#### TASK
Pictures are to be left out; otherwise, copy exactly the lines from the line containing "Putt EVO expands" through the end of the data.

#### INPUT
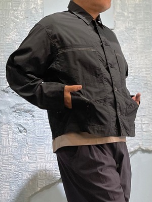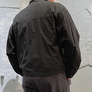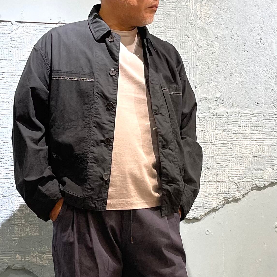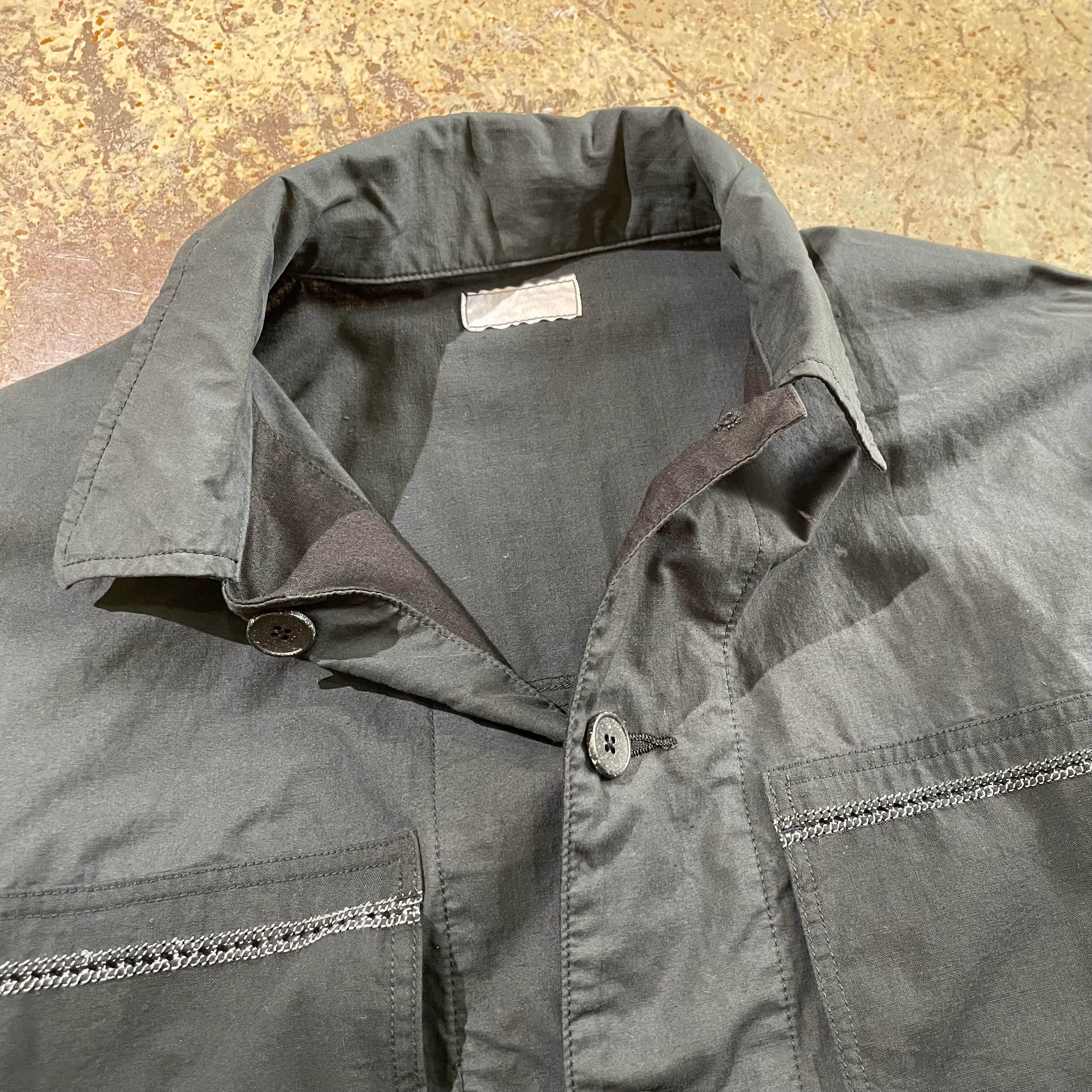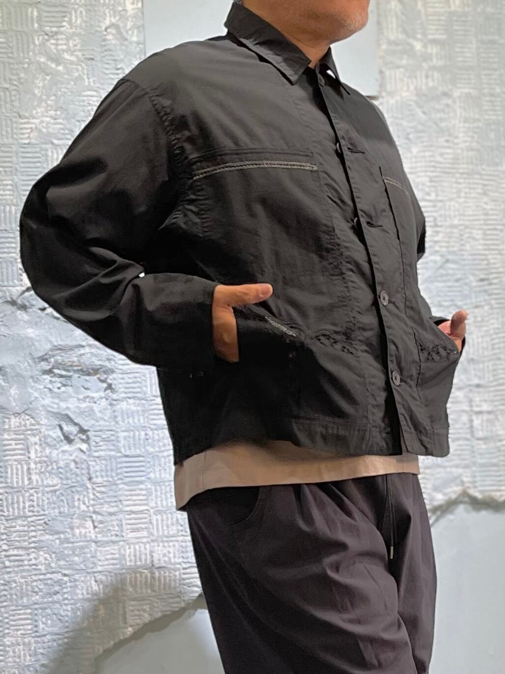 ユーズドのヨーロッパで集められた50、60年代のビンテージレースが特徴な薄手のアウターです。 その細かな刺繍は元々クッションカバー 生成色や白が中心であった物をリメイクしてからブラックに後染め、風合いを損なわずモードへと昇華した短丈シャツアウター
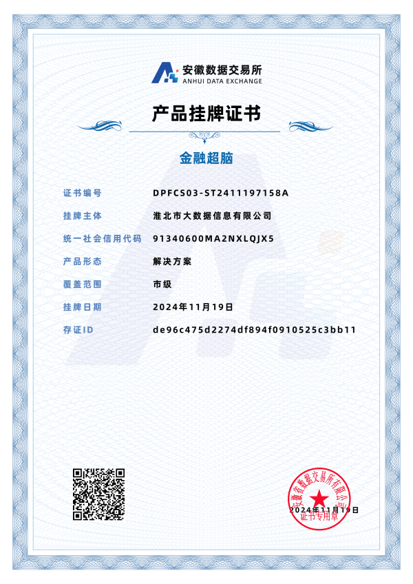 数据产品挂牌上市正式开启数据交易之旅,持续扩大“金融超脑”产品的影响力,促进我市普惠金融业务均衡发展,推动大众创业、万众创新,助推经济发展方式转型升级。同时,凭借在金融超脑平台上的普惠金融助贷数据集,淮北市大数据信息有限公司顺利申请到数据知识产权,进一步彰显了公司在数据资源开发利用与合规管理方面的卓越能力与前瞻性布局。
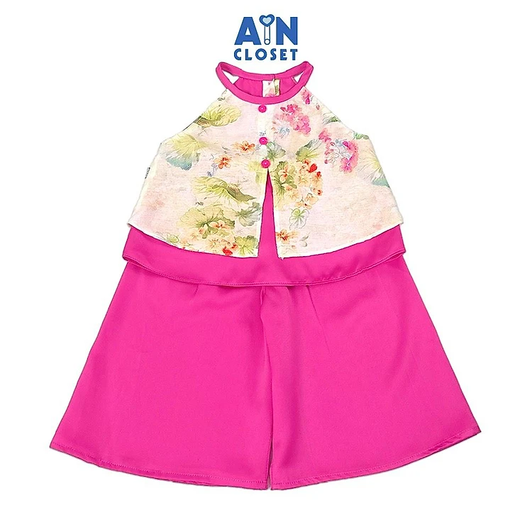 Set bộ quần áo Lửng bé gái họa tiết Sen Lụa Hồng Cổ Yếm - AICDBGOLU8XD - AIN Closet
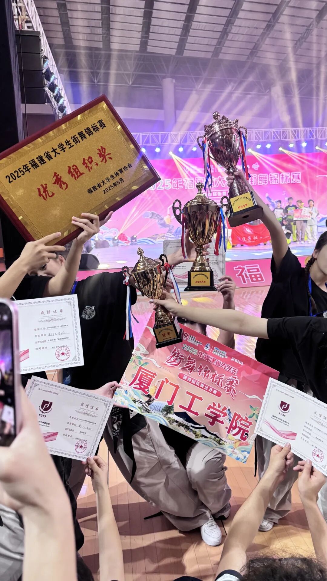 这份“坚韧务实”的精神最终化为了惊人的爆发力。在第二天的原创齐舞(大集体)比赛中,队员们将所有的不甘化作那一刻的极致释放,最终斩获全场最高分9.0分。从低谷到巅峰,林晓玥、陈偲琦、李沛远、蔡映姿、侯星竹、陈怡婷、张云天与团队成员一起,用实际行动证明了:厦工的街舞人,不仅能跳出潮流的舞步,更有着扛得住压力的脊梁与拥抱挑战的“大心脏”。如今,他们更是通过拍摄融合校园特色的“爆款”短视频,让One Beat街舞社成为校园文化的一大潮流风向标。
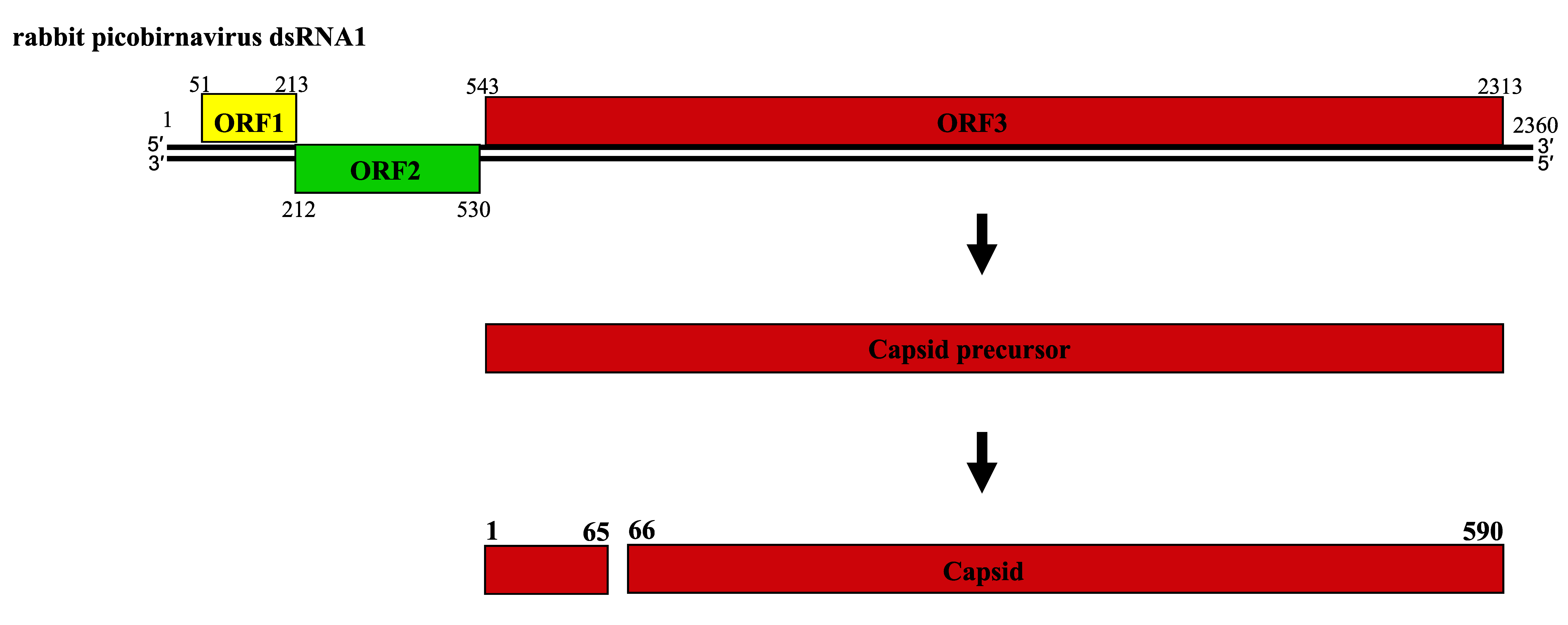 Figure 3. Picobirnaviridae Schematic representation of the gene arrangement in dsRNA1 of rabbit picobirnavirus and processing of the capsid protein precursor. Numbers indicate the nucleotide positions (in normal type) and the amino acid positions (in bold type).
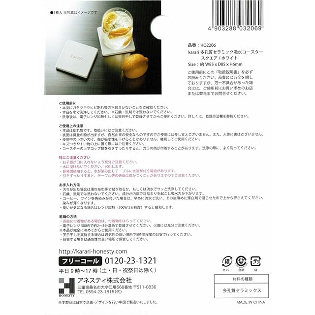商品名:アネスティ 多孔質セラミック コースター 約縦8.5×横8.5cm ホワイト karari 角型 スクエア 吸水 速乾 HO2206
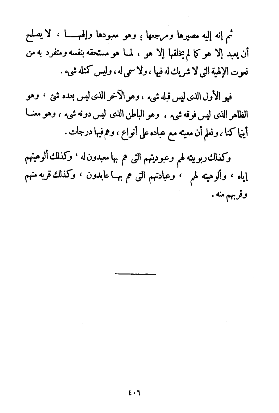 ثُمَّ إنَّهُ إلَيْهِ مَصِيرُهَا وَمَرْجِعُهَا؛ وَهُوَ مَعْبُودُهَا وَإِلَهُهَا لَا يَصْلُحُ أَنْ يُعْبَدَ إلَّا هُوَ كَمَا لَمْ يَخْلُقْهَا إلَّا هُوَ لِمَا هُوَ مُسْتَحِقُّهُ بِنَفْسِهِ وَمُتَفَرِّدٌ بِهِ مِنْ نُعُوتِ الْإِلَهِيَّةِ الَّتِي لَا شَرِيكَ لَهُ فِيهَا وَلَا سُمِّيَ لَهُ وَلَيْسَ كَمِثْلِهِ شَيْءٌ. فَهُوَ الْأَوَّلُ الَّذِي لَيْسَ قَبْلَهُ شَيْءٌ وَهُوَ الْآخِرُ الَّذِي لَيْسَ بَعْدَهُ شَيْءٌ وَهُوَ الظَّاهِرُ الَّذِي لَيْسَ فَوْقَهُ شَيْءٌ وَهُوَ الْبَاطِنُ الَّذِي لَيْسَ دُونَهُ شَيْءٌ وَهُوَ مَعَنَا أَيْنَمَا كُنَّا وَنَعْلَمُ أَنَّ مَعِيَّتَهُ مَعَ عِبَادِهِ عَلَى أَنْوَاعٍ وَهُمْ فِيهَا دَرَجَاتٌ. وَكَذَلِكَ رُبُوبِيَّتُهُ لَهُمْ وَعُبُودِيَّتُهُمْ الَّتِي هُمْ بِهَا مُعَبَّدُونَ لَهُ وَكَذَلِكَ أُلُوهِيَّتُهُمْ إيَّاهُ وَأُلُوهِيَّتُهُ لَهُمْ وَعِبَادَتُهُمْ الَّتِي هُمْ بِهَا عَابِدُونَ وَكَذَلِكَ قُرْبُهُ مِنْهُمْ وَقُرْبُهُمْ مِنْهُ.
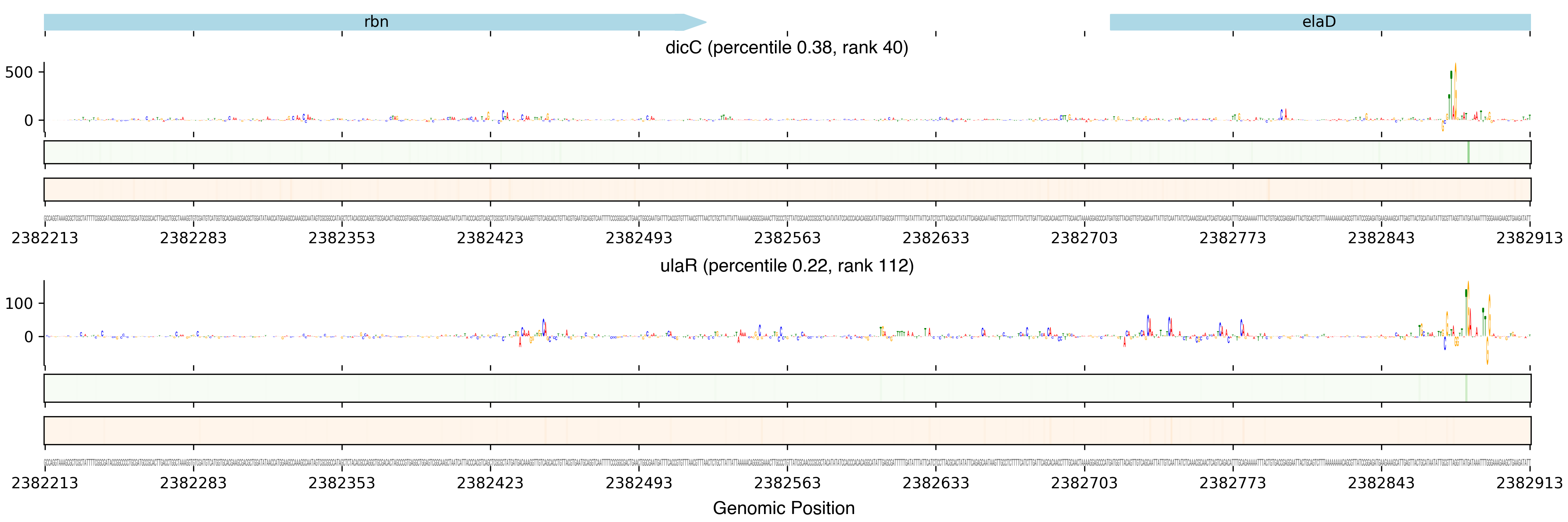 Top row shows gene annotations. Each set of panels beneath the annotation row shows the predictions for one TF. The sequence logo shows the contribution of the base at each position to the overall binding affinity, with bases above the horizontal axis contributing positive binding affinity and bases below contributing negative binding affinity. The heatmaps below the sequence logos show the exponentiated binding score at each position (the exponentiated score of the weight matrix and bias at that position). The top heatmap in green shows hits on the positive strand, and the bottom heatmap in red shows hits on the negative strand.
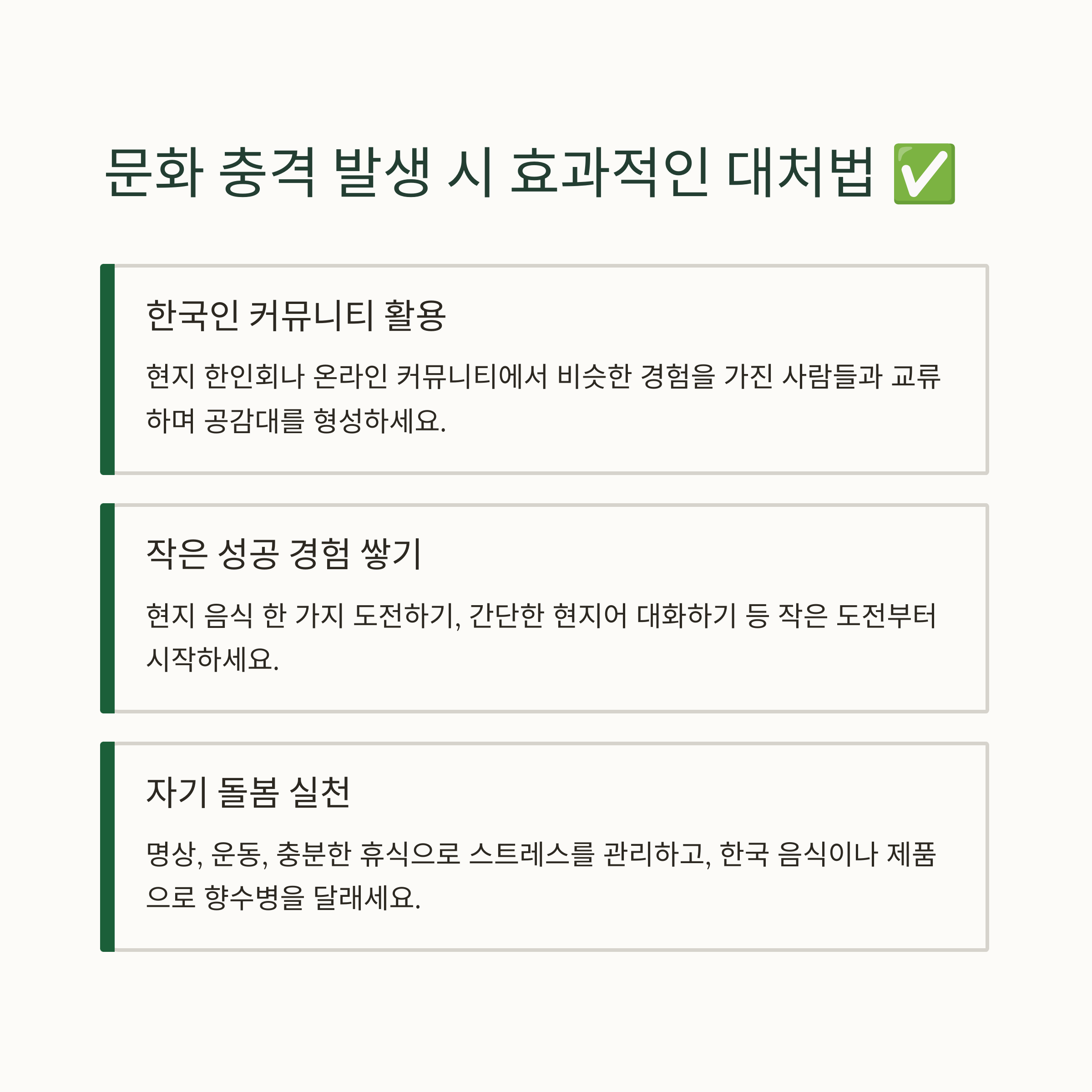 🩹 문화 충격 대처 요령
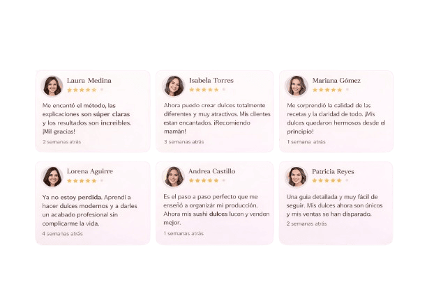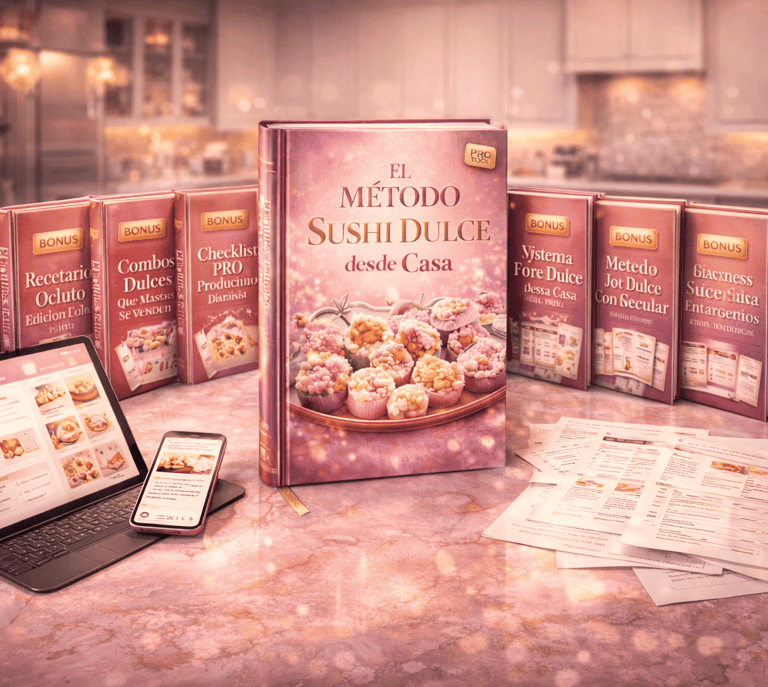 EL MÉTODO SUSHI DULCE es la guía paso a paso que te acompaña desde lo básico hasta creaciones más creativas, ayudándote a aprender con claridad y confianza en cada etapa.
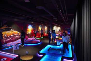 Putt EVO expands the genre of indoor minigolf attractions and take the crowd favourite to a new level. The special and innovative feature of Putt EVO is not only the modern design of the minigolf courses, but above all the various built in lightning effects and features.
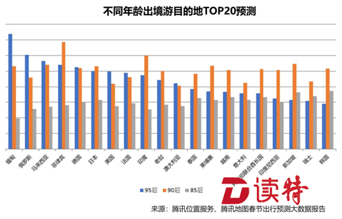 根據(jù)年齡劃分,18歲以下青少年最喜歡前往東南亞國家,而60歲以上老年人最青睞的是歐美發(fā)達(dá)國家。進(jìn)一步研究發(fā)現(xiàn),85后最愛去的國家是韓國、新加坡、瑞士、阿聯(lián)酋、越南,涵蓋東亞、東南亞和歐洲,90后最愛去的國家是菲律賓、印度、新加坡、馬來西亞、柬埔寨,全部在東南亞地區(qū),95后最愛去的國家是緬甸、俄羅斯、馬來西亞、菲律賓、德國,涵蓋東南亞和歐洲。

#### RESPONSE AREA
 Putt EVO expands the genre of indoor minigolf attractions and take the crowd favourite to a new level. The special and innovative feature of Putt EVO is not only the modern design of the minigolf courses, but above all the various built in lightning effects and features.
 根據(jù)年齡劃分,18歲以下青少年最喜歡前往東南亞國家,而60歲以上老年人最青睞的是歐美發(fā)達(dá)國家。進(jìn)一步研究發(fā)現(xiàn),85后最愛去的國家是韓國、新加坡、瑞士、阿聯(lián)酋、越南,涵蓋東亞、東南亞和歐洲,90后最愛去的國家是菲律賓、印度、新加坡、馬來西亞、柬埔寨,全部在東南亞地區(qū),95后最愛去的國家是緬甸、俄羅斯、馬來西亞、菲律賓、德國,涵蓋東南亞和歐洲。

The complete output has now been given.